Marco Vergano é anestesista no Hospital San Giovanni Bosco, em Turim. Em entrevista à Euronews, conta que os próximos dias serão decisivos para avaliar a evolução da doença.
"Em Piemonte, ainda não sabemos, e vamos descobrir esta semana se os casos vão aumentar exponencialmente como na Lombardia, com um atraso de dez dias depois, ou temos um aumento linear como agora, com 15 a 20 novos pacientes por dia".
O ambiente nos hospitais é o de uma guerra de trincheiras. Centenas de profissionais de saúde foram infetados e um número crescente está a morrer. Alguns trabalham sem luvas, porque o fornecimento é limitado.

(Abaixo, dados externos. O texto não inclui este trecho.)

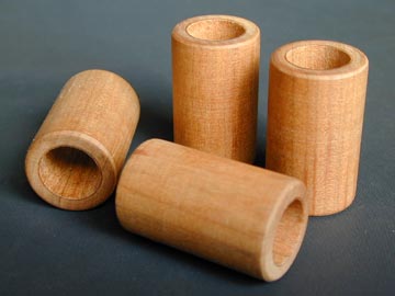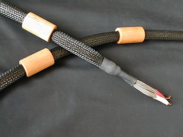 | クーナル水を染み込ませた桜材をくり抜いたのがWP-15。右の写真のようにスピーカーケーブルに通してやる。内径はφ15なので、一般的なスピーカーケーブルや電源ケーブルを通すのにちょうど良い。私のスピーカーケーブルにもぴったりハマった。端末側に近付けてやると効果的らしいので、位置を調整してやる。こういう不思議系アクセサリーは嫌いではないのだが、なんか騙されている気もする。見た目はただの積み木のおもちゃだし。しかーし、使ってみると印象は一転。なかなか良いです。音と音の間に潜むモヤモヤした感じが取り払われたような印象を受けた。ふむ、これはやはりWP-15の効果というべきか。こんな木の筒がオーディオ的にどのような影響を及ぼしているのか。木の物性?クーナルの生体エネルギー?質量付加による防振?はたまたケーブルと床とのインシュレーター的な役割か?まぁ、よく分からないがなかなかいいものだと思った。見栄え的にも面白いし、電源ケーブルなどにも使ってみたくなってきた。そういうわけで、残りのWP-15を全て買い占めるべく翌日に同店を最訪問。しかし、すでに全部売れていた。 | ||||||||||||||||||||||||||||||||||||||||||||||||||||||||||||||||||
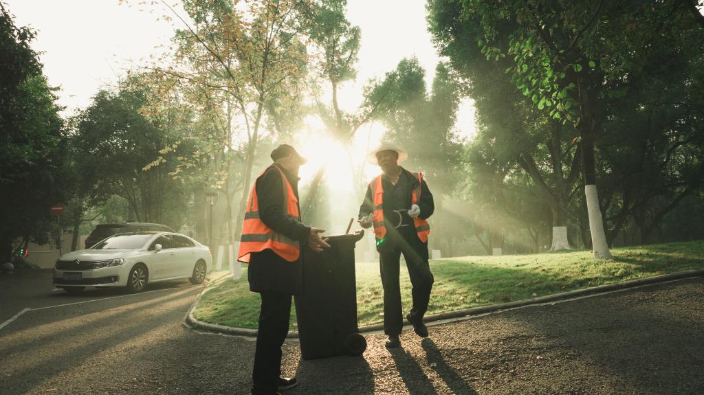 当第一缕晨光穿透薄雾,为秋日花园镀上温暖的鎏金,这幅名为《秋日晨光的守护者》的画卷便悄然展开。两位环卫工人的身影,是晨光中最动人的笔触。他们挥动扫帚,扫起的不仅是落叶,更是冬日宁静的前奏。那沙沙声响,仿佛是季节与季节之间的温柔交代。

"Vi alguns colegas a ter atos heroicos e ouvi histórias de médicos que se recusam a fazer o teste para evitar serem assinalados como positivos, porque querem continuar a trabalhar com os pacientes infetados, em vez de ficarem isolados de quarentena em casa", revela o anestesista.

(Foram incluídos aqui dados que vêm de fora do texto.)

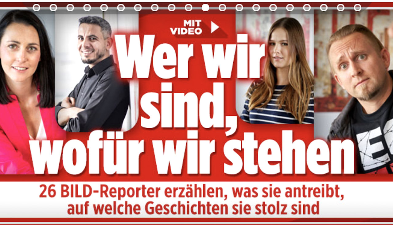 Eine Gruppe von Bild-Redakteuren hatte sich letztens aufgemacht, für ein bisschen Anerkennung zu betteln. Natürlich per Eigenmedium, ist ja so praktisch und bequem. „Wer wir sind, wofür wir stehen“ war die Überschrift, und beim Blick in die Gesichter einiger Bild-Mitarbeiter fragte ich mich schon irgendwie, ob die da wohl freiwillig so mehr oder minder freundlich in die Kamera geschaut haben?

Para a médica na Lombardia, "o mais angustiante é ver pessoas a morrer em completa solidão", uma vez que os pacientes estão impedidos de receber visitas. "As últimas pessoas que veem na vida somos nós", lamenta.
Do outro lado, como paciente, Gianni Zampino deixa o alerta, que nunca considera ser demais: "Não é um jogo. Passo minhas noites com um ventilador e não consigo dormir. A minha virou do avesso e desejo que ninguém passe pelo sofrimento que eu passei, porque isto pode parecer um filme de terror, mas não é".
Itália foi o primeiro país da Europa a travar a guerra contra o coronavírus. Instituições, profissionais da saúde e toda a população estão unidas, tendo em mente o lema que dá o título ao hino nacional: "Vai ficar tudo bem" ("Andra tutto bene").
Reajustamento social
"Eu tinha apenas dois anos quando a Segunda Guerra Mundial acabou e, na minha vida, nunca vi algo assim. Mas o fornecimento de alternativas tem sido bom em todos os lugares. Teletrabalho, aulas à distância, etc. estão realmente a mostrar um grau de mobilização de uma sociedade imóvel que é notável". As palavras são do presidente italiano, Mario Monti. Em entrevista à Euronews, verbaliza as mudanças que se impuseram na sociedade italiana, mas também a esperança.
Com a quarentena alargada até 3 de abril, os italianos adaptam-se.
Na sua casa, em Génova, Serena Vella vive os dias como todos os outros italianos, em recolhimento. Hoje reconhece que "depois da angústia, prevaleceu um estado de reorganização". O confinamento ao mesmo espaço da família, 24 horas por dia, começou por parecer um infortúnio, mas a mudança de atitude ajudou a passar melhor os dias. "Disse a mim mesma: vamos aproveitar a oportunidade para ficar com as crianças e segui-las mais de perto", conta.
Mesmo nas atuais circunstâncias, os italianos estão determinados em fazer-se ouvir e enviar uma mensagem de esperança e resiliência ao resto do mundo.